WASHINGTON, D.C. - U.S. Sen. Ted Cruz (R-Texas), member of the Senate Foreign Relations Committee, today raised his concerns with President Trump's nominee to be Deputy Secretary of State, Stephen Biegun, about the dangers of Russia's Nord Stream 2, a natural gas pipeline that will allow Russian President Vladimir Putin to further control Europe's energy security:

"Nord Stream 2, if completed, would help Russia. It would strengthen Putin. It would generate billions of dollars that could be used to fuel Russian aggression. And at the same time, it would hurt all of Europe by making Western Europe more dependent on Russian energy, more subject to economic coercion, and more subject to economic blackmail. I think it is better for all parties concerned for Europe to be able to get energy from sources that won't use it as economic blackmail. And were Europe to be importing energy from the United States, that means jobs here at home instead of enriching Putin."

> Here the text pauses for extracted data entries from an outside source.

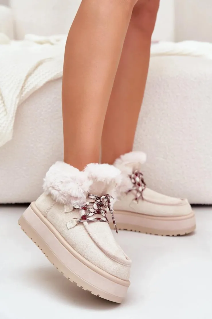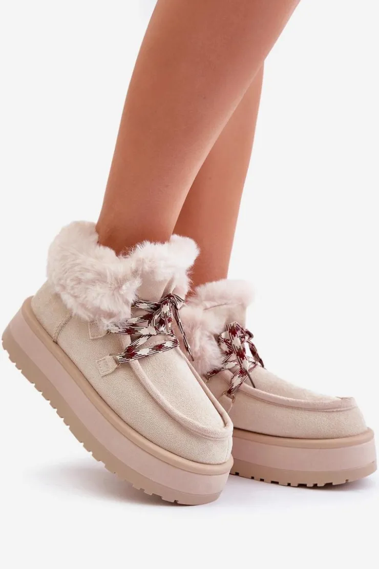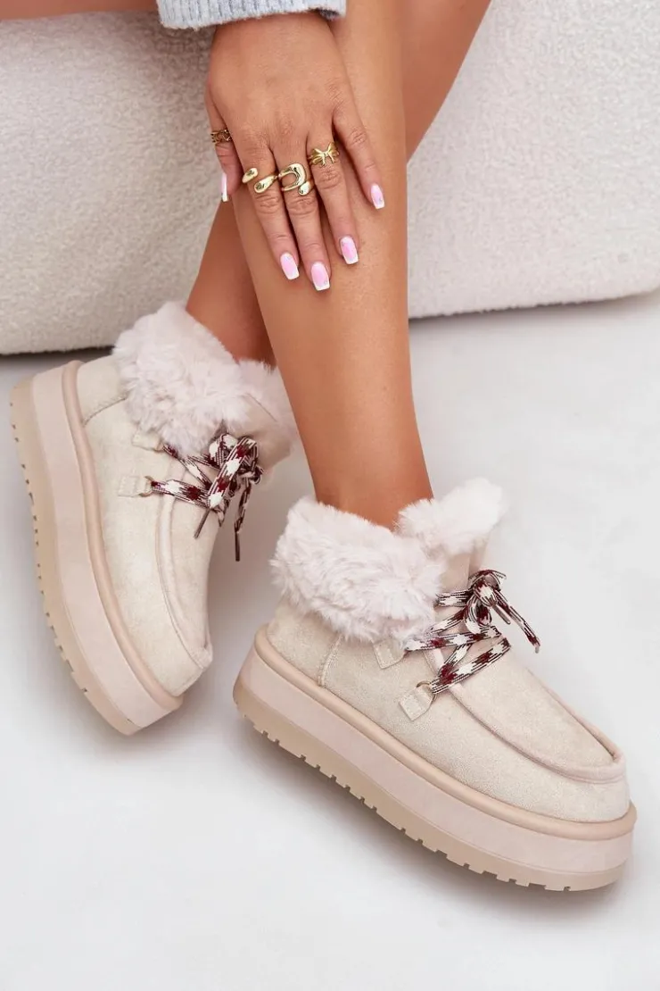 Damskie Boto Niskie Śniegowce Damskie Na Platformie Z Futerkiem Jasnobeżowe Neathren
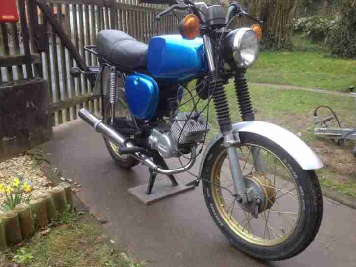 es hat ein originales S51 Motor, was noch nie auseinandergenommen wurde, die Gänge nimmt es schön, gute Fahrleistung, springt leicht an.- Seine Hülle ist im großem und ganzem sehr gut, aber es hat einige Fehler wie man es auf den Bildern sehen kann. kleinere Dellen und Farbfehler, für eine Färbung ein gutes Basis Stück.- Sein Tank ist rostig, aber nutzbar.- 51er Hinter Licht.- Die Bremsen sind ein wenig verschlissen. (ist kein neues Moped)- Unter dem Sitz der Schloss ist gut, aber bei dem Lenkrad fehlt der Schlüssel.- Sein Tacho misst nicht.- Für eine Restaurierung perfektes Basisstück.
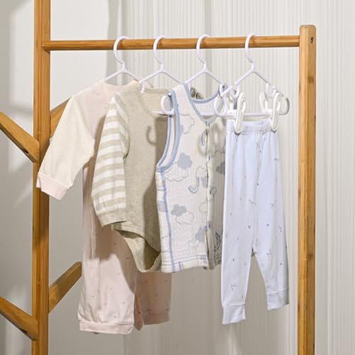 Ideal Size for Baby Clothes-Each hanger measures 10.6″ (26 cm) wide × 5.5″ (14 cm) high — compact and perfectly shaped for baby shirts, pants, skirts, and onesies without stretching or deforming fabric.
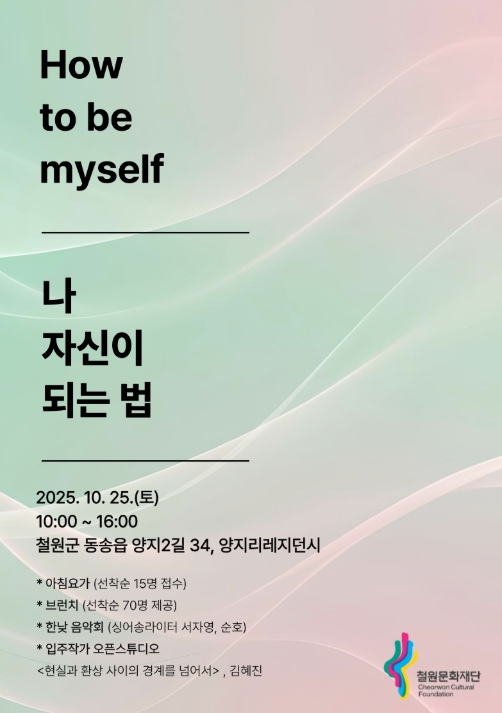 [뉴스다컴] 철원문화재단은 2025년 10월 25일 오전 10시부터 16시까지 양지리 레지던시를 개방해 웰니스 문화행사를 진행한다.

At the hearing, Sen. Cruz renewed his call for the full Senate to take up and pass the Protecting Europe's Energy Security Act of 2019 (S. 1441), bipartisan legislation he introduced with Sen. Jeanne Shaheen (D-N.H.) which would impose devastating, targeted sanctions on vessels that Putin needs to complete the pipeline:

"As you know, this committee passed my bipartisan legislation on North Stream 2 by an overwhelming bipartisan vote 20-2. That legislation is right now pending on the floor. I'm hopeful that the Senate will take it up, and that the House will pass it. Our window for getting this done is rapidly shrinking. [...] The current projections are the pipeline will be completed by January. Which means we have maybe two months to get this done. And if we fail to get it done, we will have vastly strengthened Putin's hands at the expense of the rest of the free world. I hope that the Senate acts, takes it up on the floor, and passes it. And [that] the House does as well."

Sen. Cruz added:

"There is an alternative way to get the job done, which is under CAATSA [the Countering America's Adversaries Through Sanctions Act]. The administration already has the authority to impose the sanctions. [...] If Congress passes the legislation, or if the administration simply uses its existing authority under CAATSA to implement the same policy--to sanction any company that lays this deep-sea pipe, Nord Stream 2 will stop in its tracks. So I want to encourage you, Mr. Biegun, to go back to the administration to the debate that is occurring as we speak and make abundantly clear that giving speeches saying the administration is opposed to Nord Stream 2 is a completely empty gesture. If the administration is not willing to act under its statutory authority it has right now to stop the pipeline [then] the strength of the rhetoric, the strength of the denunciations of North Stream 2 will be measured by one simple test: Did we allow the pipeline to be built or not? And the administration, with the flip of a switch, can stop this pipeline."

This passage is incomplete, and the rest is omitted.